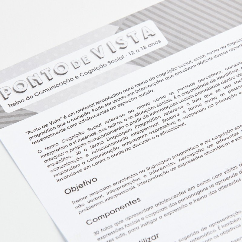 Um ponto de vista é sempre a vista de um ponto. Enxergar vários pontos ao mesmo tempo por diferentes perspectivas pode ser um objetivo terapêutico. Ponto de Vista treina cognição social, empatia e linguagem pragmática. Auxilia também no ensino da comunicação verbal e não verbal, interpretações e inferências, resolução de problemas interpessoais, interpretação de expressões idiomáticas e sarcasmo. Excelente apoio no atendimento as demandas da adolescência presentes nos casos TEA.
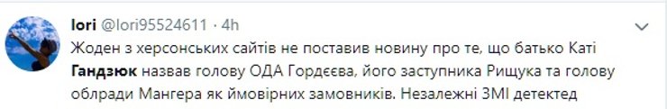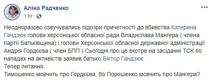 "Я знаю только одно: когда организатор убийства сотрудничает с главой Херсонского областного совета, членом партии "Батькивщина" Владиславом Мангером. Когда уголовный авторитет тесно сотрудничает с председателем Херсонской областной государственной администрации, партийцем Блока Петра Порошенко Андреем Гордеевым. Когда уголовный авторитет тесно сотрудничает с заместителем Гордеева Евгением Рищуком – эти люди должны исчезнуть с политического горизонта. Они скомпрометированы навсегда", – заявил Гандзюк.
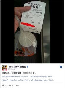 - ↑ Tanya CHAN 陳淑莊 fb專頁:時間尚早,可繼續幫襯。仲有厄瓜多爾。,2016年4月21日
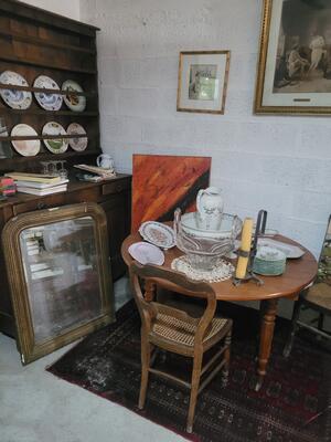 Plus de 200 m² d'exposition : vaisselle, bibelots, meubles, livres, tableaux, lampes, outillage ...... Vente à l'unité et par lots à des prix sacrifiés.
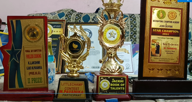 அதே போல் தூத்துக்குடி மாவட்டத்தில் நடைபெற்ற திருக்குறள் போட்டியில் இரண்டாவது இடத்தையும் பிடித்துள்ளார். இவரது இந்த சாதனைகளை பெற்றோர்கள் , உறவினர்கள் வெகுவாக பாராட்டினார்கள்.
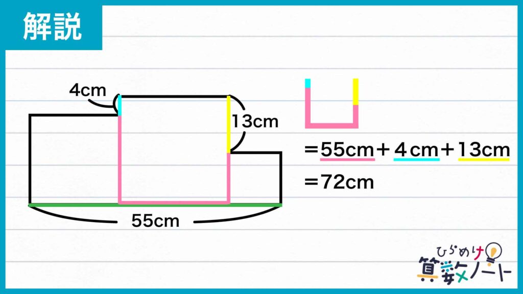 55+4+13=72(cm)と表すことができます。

###

With pictures excluded, restate word for word the lines from the one that contains "- ↑ Tanya CHAN" through the end of the material, inclusive, and nothing more.

• ANSWER BELOW
 - ↑ Tanya CHAN 陳淑莊 fb專頁:時間尚早,可繼續幫襯。仲有厄瓜多爾。,2016年4月21日
 Plus de 200 m² d'exposition : vaisselle, bibelots, meubles, livres, tableaux, lampes, outillage ...... Vente à l'unité et par lots à des prix sacrifiés.
 அதே போல் தூத்துக்குடி மாவட்டத்தில் நடைபெற்ற திருக்குறள் போட்டியில் இரண்டாவது இடத்தையும் பிடித்துள்ளார். இவரது இந்த சாதனைகளை பெற்றோர்கள் , உறவினர்கள் வெகுவாக பாராட்டினார்கள்.
 55+4+13=72(cm)と表すことができます。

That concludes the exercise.